Problem to work on >>
Please repeat the entries below exactly as written, leaving out any images.

Data excerpts >>
──────────

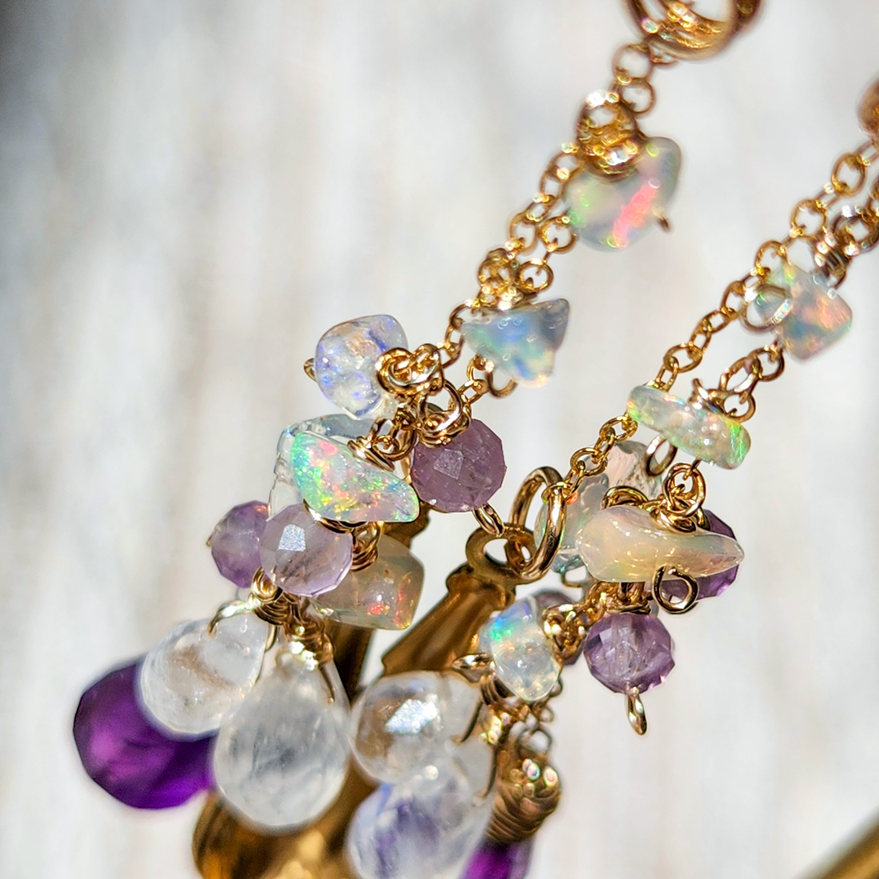 シラーが美しいレインボームーンストーンと、遊色がきらめくエチオピアオパールを組み合わせたピアスです。
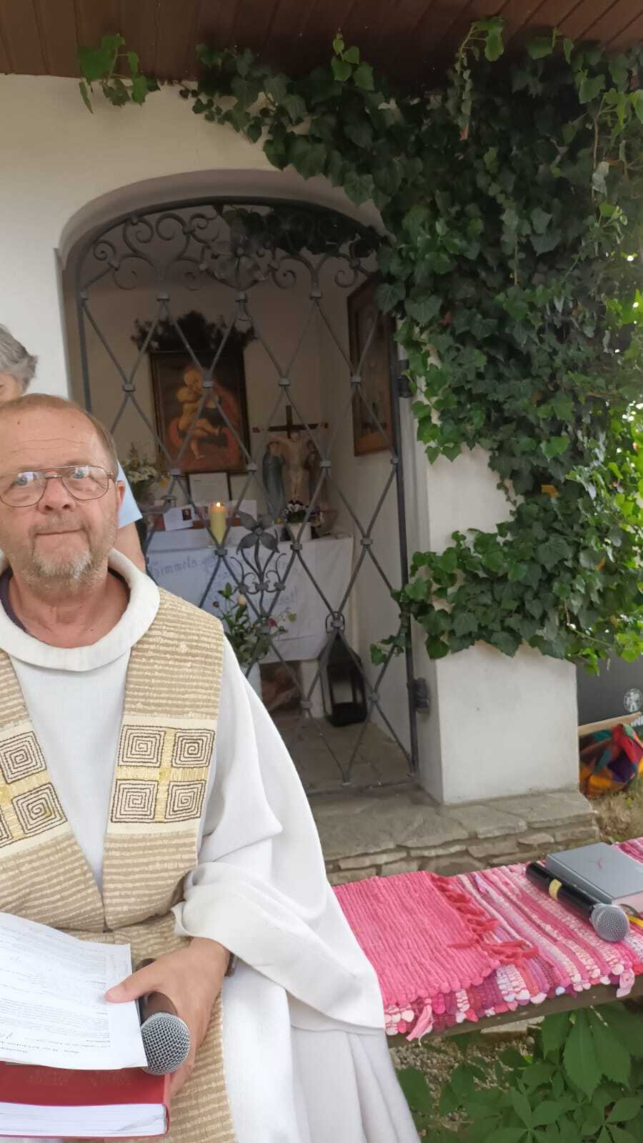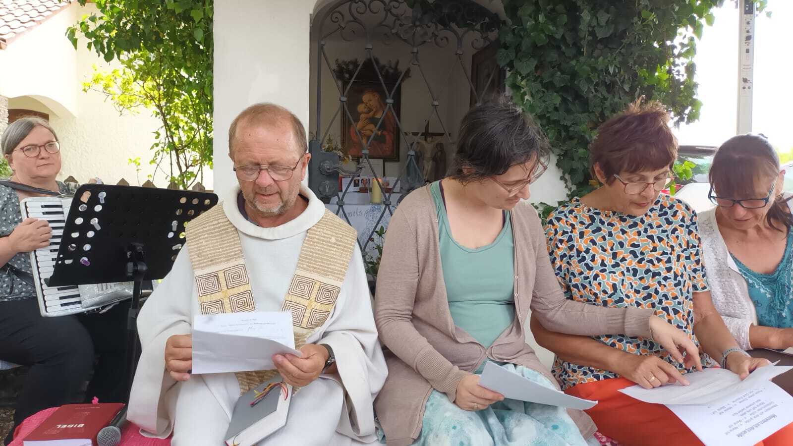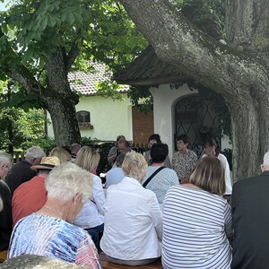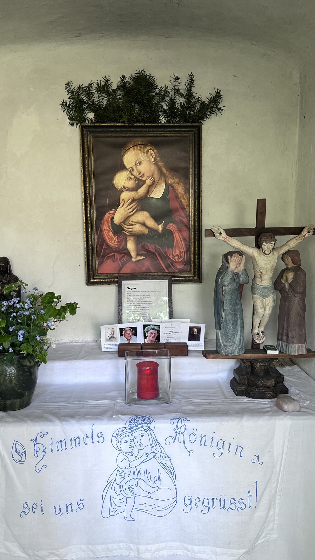 Eine sehr stimmige Feier war unsere heurige Mainandacht bei der „Kirchweger Kapelle“ in Wimpassing. Diese Kapelle wurde schon 1904 errichtet und immer wieder liebevoll restauriert. Ein perfekter Ort für unsere Maiandacht. Unter einem schattigen Kastanienbaum war Platz für alle Besucher, perfekt auch noch mit Bänken ausgestattet.
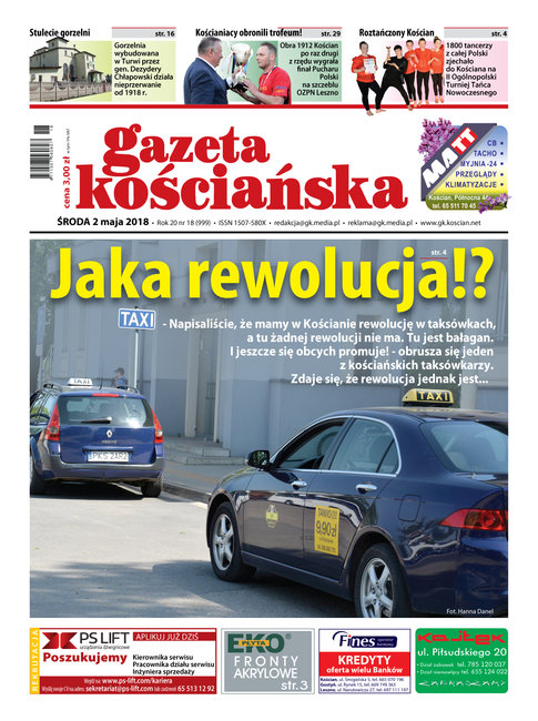 W numerze między innymi: raz jeszcze o kościańskich taksówkach, o wielkim turnieju tańca, o stuleciu gorzelni w Turwi, o gotowaniu pod okiem jury, o pudełku życia, o sztandarze dla strażaków z Rąbinia, o kosztach kolejnego etapu budowy traktu rekreacyjnego, o tygodniu bibliotek, o uniwersytecie dla seniorów. Ponadto: ilustrowany przegląd wydarzeń tygodnia z wszystkich gmin powiatu kościańskiego, kronika policyjna, informator kulturalny i obszerny serwis sportowy. Gazeta w sprzedaży od 2 maja
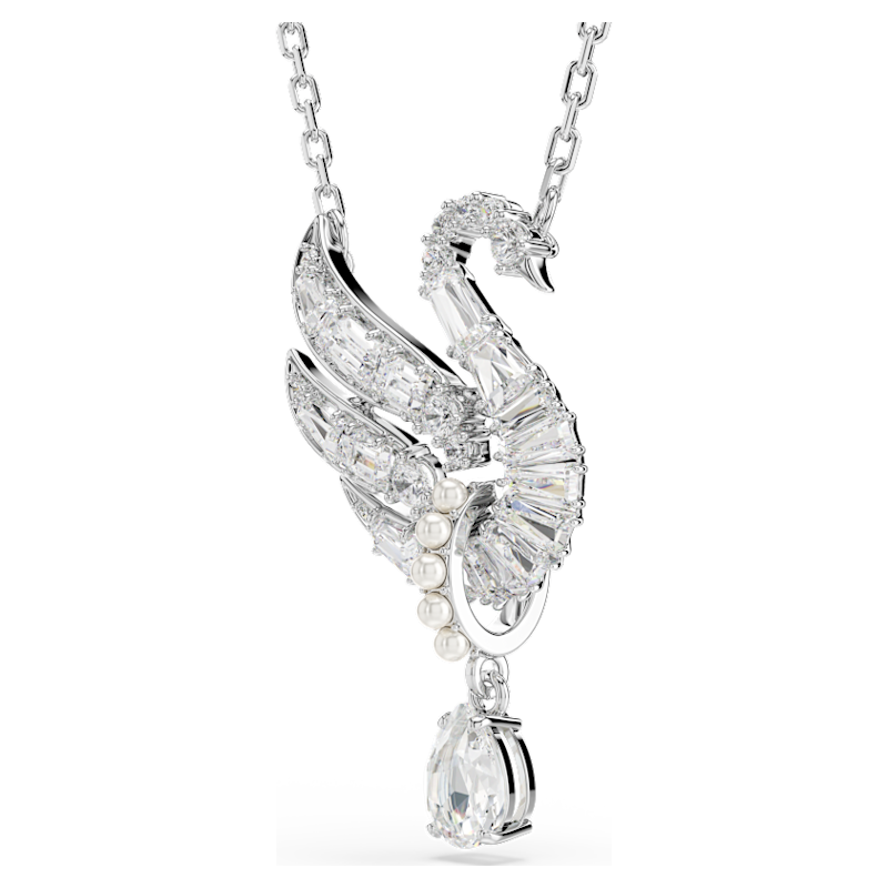 Con una squisita bellezza in ogni dettaglio, questo significativo pendente rende omaggio alle aggraziate qualità dell’iconico cigno Swarovski. Sospeso ad una delicata catena, il motivo centrale è impreziosito da Swarovski Zirconia trasparenti e presenta un singolo taglio Pear che pende da un cerchio in pavé di Crystal Pearls Swarovski. Indossalo insieme agli orecchini coordinati per un look di pura raffinatezza.
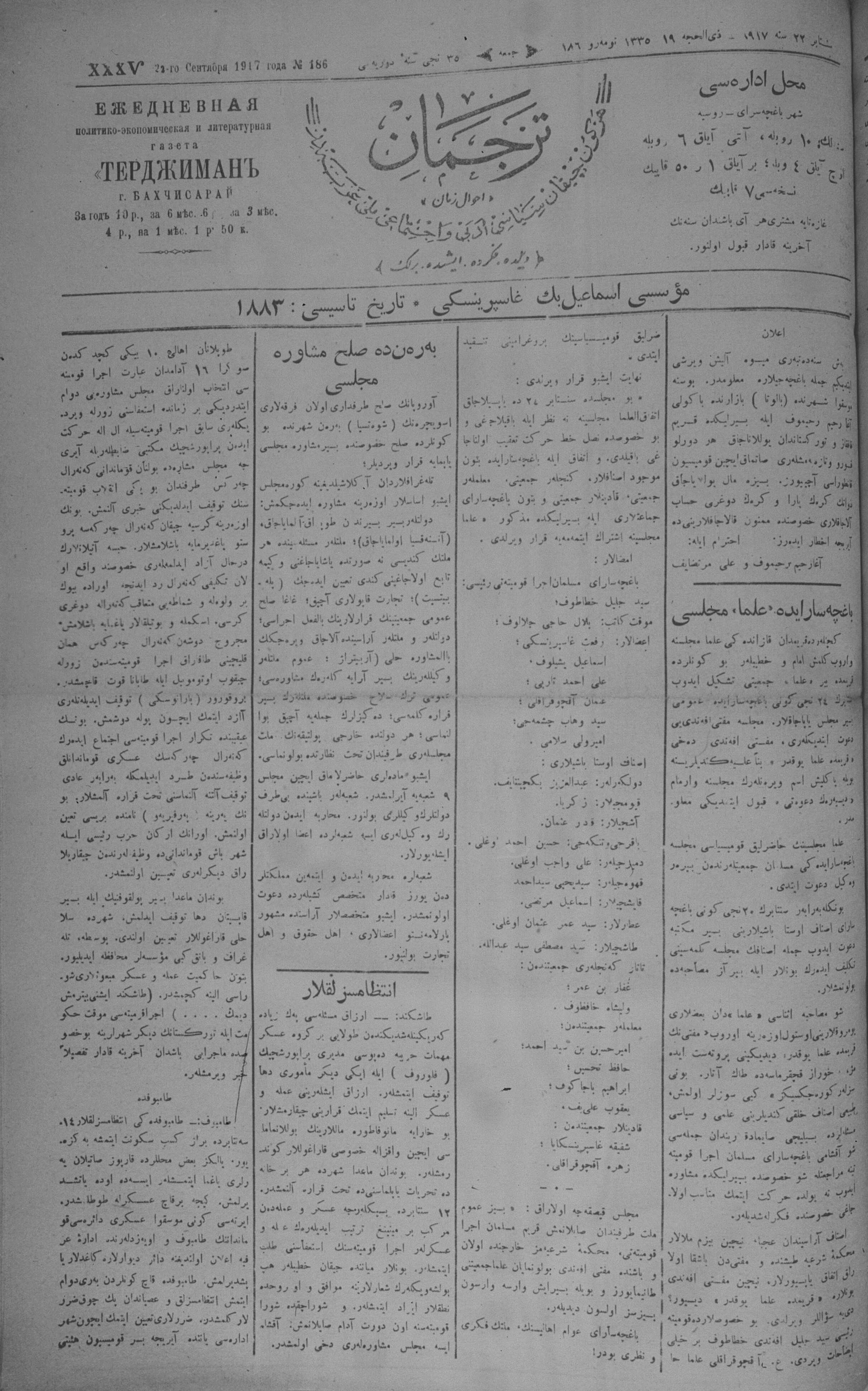 Tercüman, 22 September 1917 Year 35 No 186

──────────

Problem solution >>
 シラーが美しいレインボームーンストーンと、遊色がきらめくエチオピアオパールを組み合わせたピアスです。
 Eine sehr stimmige Feier war unsere heurige Mainandacht bei der „Kirchweger Kapelle“ in Wimpassing. Diese Kapelle wurde schon 1904 errichtet und immer wieder liebevoll restauriert. Ein perfekter Ort für unsere Maiandacht. Unter einem schattigen Kastanienbaum war Platz für alle Besucher, perfekt auch noch mit Bänken ausgestattet.
 W numerze między innymi: raz jeszcze o kościańskich taksówkach, o wielkim turnieju tańca, o stuleciu gorzelni w Turwi, o gotowaniu pod okiem jury, o pudełku życia, o sztandarze dla strażaków z Rąbinia, o kosztach kolejnego etapu budowy traktu rekreacyjnego, o tygodniu bibliotek, o uniwersytecie dla seniorów. Ponadto: ilustrowany przegląd wydarzeń tygodnia z wszystkich gmin powiatu kościańskiego, kronika policyjna, informator kulturalny i obszerny serwis sportowy. Gazeta w sprzedaży od 2 maja
 Con una squisita bellezza in ogni dettaglio, questo significativo pendente rende omaggio alle aggraziate qualità dell’iconico cigno Swarovski. Sospeso ad una delicata catena, il motivo centrale è impreziosito da Swarovski Zirconia trasparenti e presenta un singolo taglio Pear che pende da un cerchio in pavé di Crystal Pearls Swarovski. Indossalo insieme agli orecchini coordinati per un look di pura raffinatezza.
 Tercüman, 22 September 1917 Year 35 No 186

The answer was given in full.